Making Hay Monday - July 24th, 2023
High-level macro-market insights, actionable economic forecasts, and plenty of friendly candor to give you a fighting chance in the day's financial fray.
Charts of the Week
Despite that some of the smartest people I know believe that recession still equals a U.S. Treasury (UST) bond bull market, visuals such as the above lead me to conclude that this time really is different. Considering the enormity of UST debt maturing over the next two years, the red line is a shoo-in to go higher… probably, much, much higher. As a result, it is almost inevitable that the Fed will need to restart its Magical Money Machine, formally known as quantitative easing (QE). To believe this will happen without reigniting inflation, seems to me a classic case of putting hope over experience.
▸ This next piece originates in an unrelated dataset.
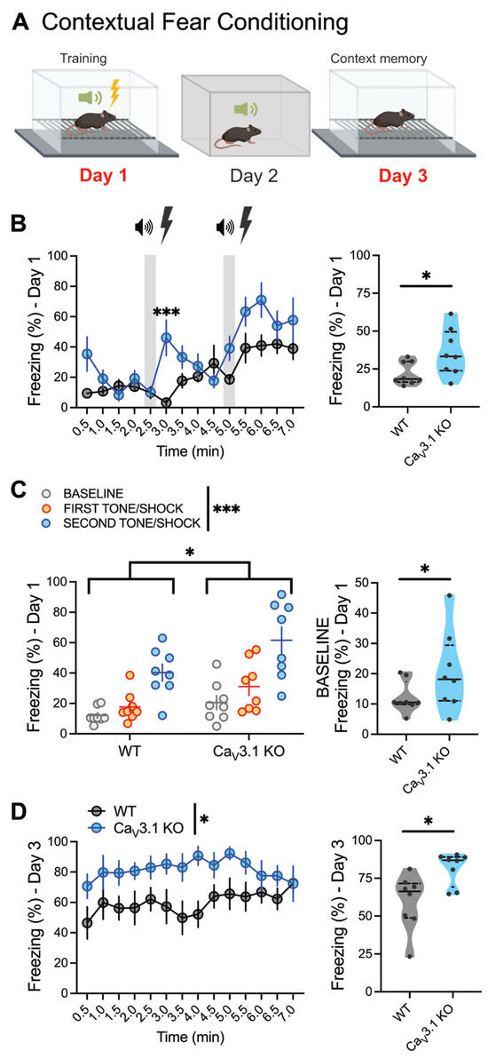 In conclusion, we reported that thalamic CaV3.1 T-type calcium channels are a crucial regulator of fear behavior in mice. Considering the significant role of the midline and intralaminar nuclei of the thalamus in fear learning and responses to aversive stimuli, our data indicate that CaV3.1 T-channels may be a promising novel drug target for treating altered fear responses associated with multiple brain disorders.

My concerns about the longer maturity segments of the Treasury bond market are a key theme for this Making Hay Monday. However, I readily concede there is currently an abundance of negativity toward long duration T-notes and T-bonds. This for sure has the potential to trigger periodic rallies. However, I expect them to be fleeting given the supply onslaught and the shortage of interested buyers beyond near-term maturities. When it comes to the attitude toward stocks, it’s a diametrically opposed situation, as shown above. Twenty-four years ago, when traders were as bullish on stocks and bearish on bonds as they are today, it was on the eve of one of the worst equity bear markets. Conversely, bonds were poised to produce several years of strong performance. It will be a tough act to follow, though, since long-term Treasurys were yielding over 6% in 1999 versus sub-4% today. It’s also hard to believe today that in the late 1990s the federal government was running surpluses. That’s another total opposite versus current conditions.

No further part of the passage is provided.